I’m not alone in feeling nostalgia for the country life. Agrarianism is a time-honored tradition in many different parts of the world, including America. Some of America’s Founding Fathers, such as Thomas Jefferson and James Madison, believed in a republic of yeoman farmers. These farmers would grow their food on their land and be independent. Thus, they wouldn’t be beholden to the interests of any centralized government. This was the vision of freedom many of the early Americans believed in.

What is it about country living that causes people to romanticize it? It’s the simplistic nature of it. In the country, the complications that come with industrialization and urbanization do not exist. There are no long commutes to work. There are no crowded streets. And most of all, the isolation that seems inherent to large cities does not exist. Despite the independence of the ideal farmer, everyone in a small community like that knows each other. There’s no suspicion, and nobody feels the need to lock their house at night for fear of someone breaking in.

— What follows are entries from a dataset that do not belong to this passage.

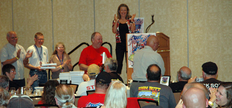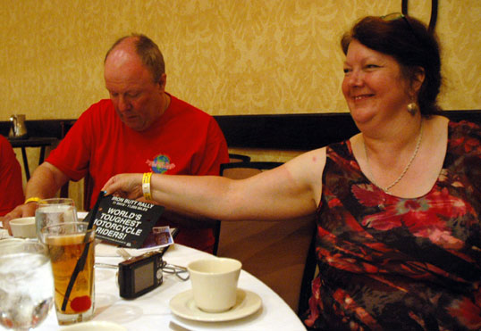 | Right off, Bob Higdon, Brilliant Butt Spokesman introduced himself as Sally. Seems that at the beginning of the Rally in Seattle, he was heard to say: "If that bike makes it out of the parking lot, you can call me Sally" Sally - back to us in the grey - and and Lisa on stage present John with his awards. | ||||||||||||||||||||||||||||||||||||||||||||||||||||
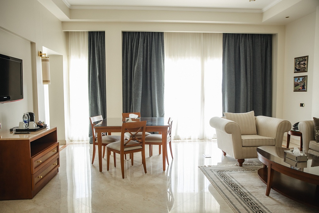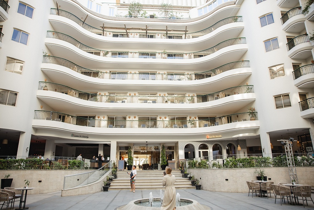 Standing majestically in the heart of New Cairo (near the new EIEC Convention Center), this luxurious five-star hotel offers 245 rooms and suites, magnificent views of the gardens and pool, delicious culinary treats, a luxurious spa and wonderful venues for events of any scale: a separate banquet floor, 11 conference rooms and the largest banquet hall in Cairo. Restaurants: Romanov Steakhouse, a must-visit in Cairo (with a portrait of Nicholas II at the entrance), Yana Asian restaurant with golden Buddhas and the exceptional Italian restaurant Lucca (whose cuisine we tasted). The 1897 bar and cigar lounge impresses with its atmosphere.
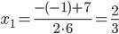 D=(-1)2 - 4·6·(-2)=49
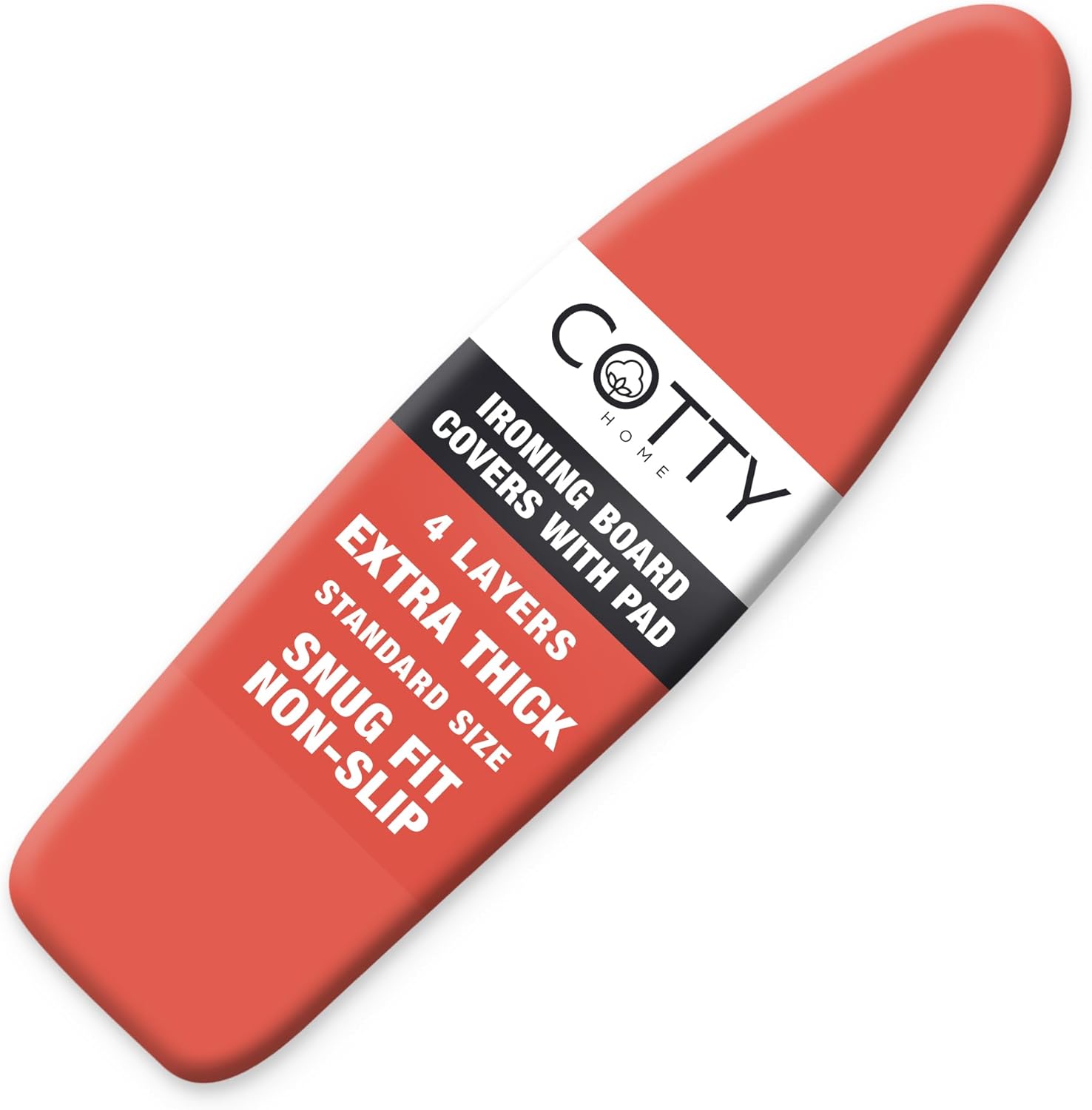 - EXTRA THICK PADDING : This ironing board cover made by extra thick padding. Consists 6 multiple layers that 2 lamination and 4 main layer occured that heat reflective layer, thick cotton fabric, thick felt, thick sponge. That's why no need to use extra replacements pad.
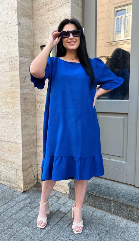 Модель 600 👗Платье миди является лучшим вариантом летом, поскольку оно обеспечивает поток воздуха и сохраняет прохладу. Украшена рюшами по низу изделия и рукавам. Спинка декорирована завязками из основного материала. Само платье расширено к низу. 🧵Тканина: льон бохо (жатий льон). Дарит прохладу в жаркие дни 🎨Цвет: электрик, оранж 📏Размер : one size batal (смотрите замеры) 💰Цена: 700 грн 💣 Замеры по изделию, ткань не тянется, модель трапеция: Длина рукава 36 см Длина изделия 109 см Охват груди 124 см Охват по низу виробу 138 см
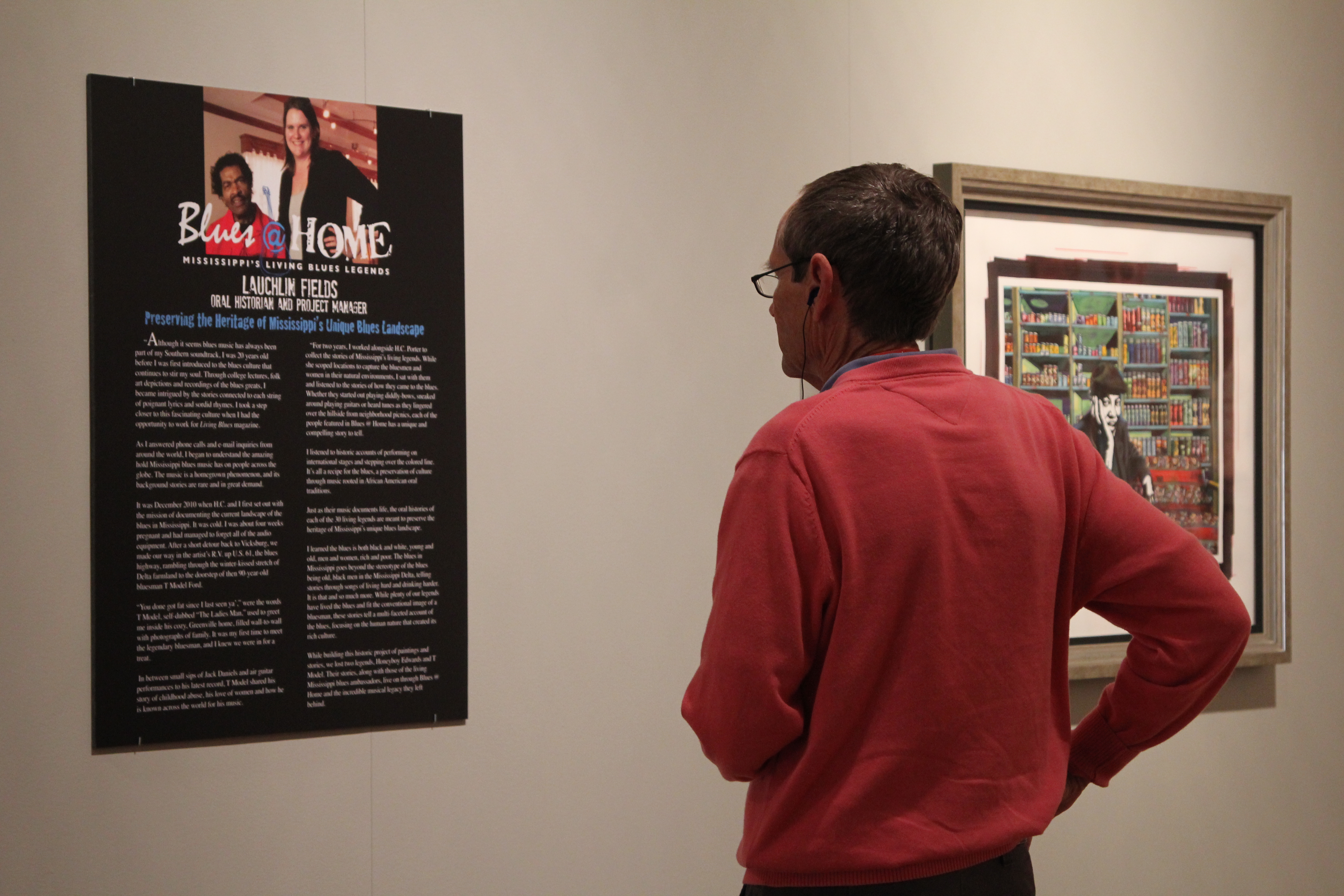 A University Museum visitor soaks in the sights and sounds of the Blues @ Home exhibit. H.C. Porter’s work is on display through Aug. 2.
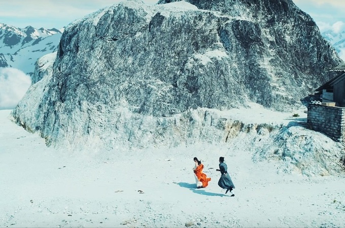 Khung cảnh núi non hùng vĩ có tuyết phủ trắng xóa khiến nhiều người tò mò. Ảnh: Ảnh từ MV

Agrarians hate urbanization because they find something inherently alienating about city life. Everyone in the city feels atomized from everyone else despite people being packed together like sardines. And all this, for the profit of a few rich businessmen. Everyone feels the dominance of the oligarchical structure of cities. The farmer, by contrast, has a stable place and a concrete sense of belonging. At the same time, the farmer has total independence and self-sufficiency – he grows his food and provides for his family directly through the sweat of his brow. He’s his own man, as it were.

Rural society is, in many ways, the ideal society. The fellowship that you can see in American small towns – the kinds of places where everyone knows everyone else – is second to none. As Thomas Jefferson once wrote, “Those who labor in the earth are the chosen people of God, if ever he had a chosen people, whose breasts he has made his peculiar deposit for substantial and genuine virtue.” Nowhere in the history of mankind has there been moral corruption in the mass of cultivators. Even today, the image of the yeoman farmer is a wholesome one. The secret to this is the tight-knit, high-trust communities such farmers inhabit.

This has been my experience with the country. Rural areas feel “homey” in a way that the suburbs never have, despite having lived in the suburbs my entire life. And maybe one day, that’s where you’ll find me.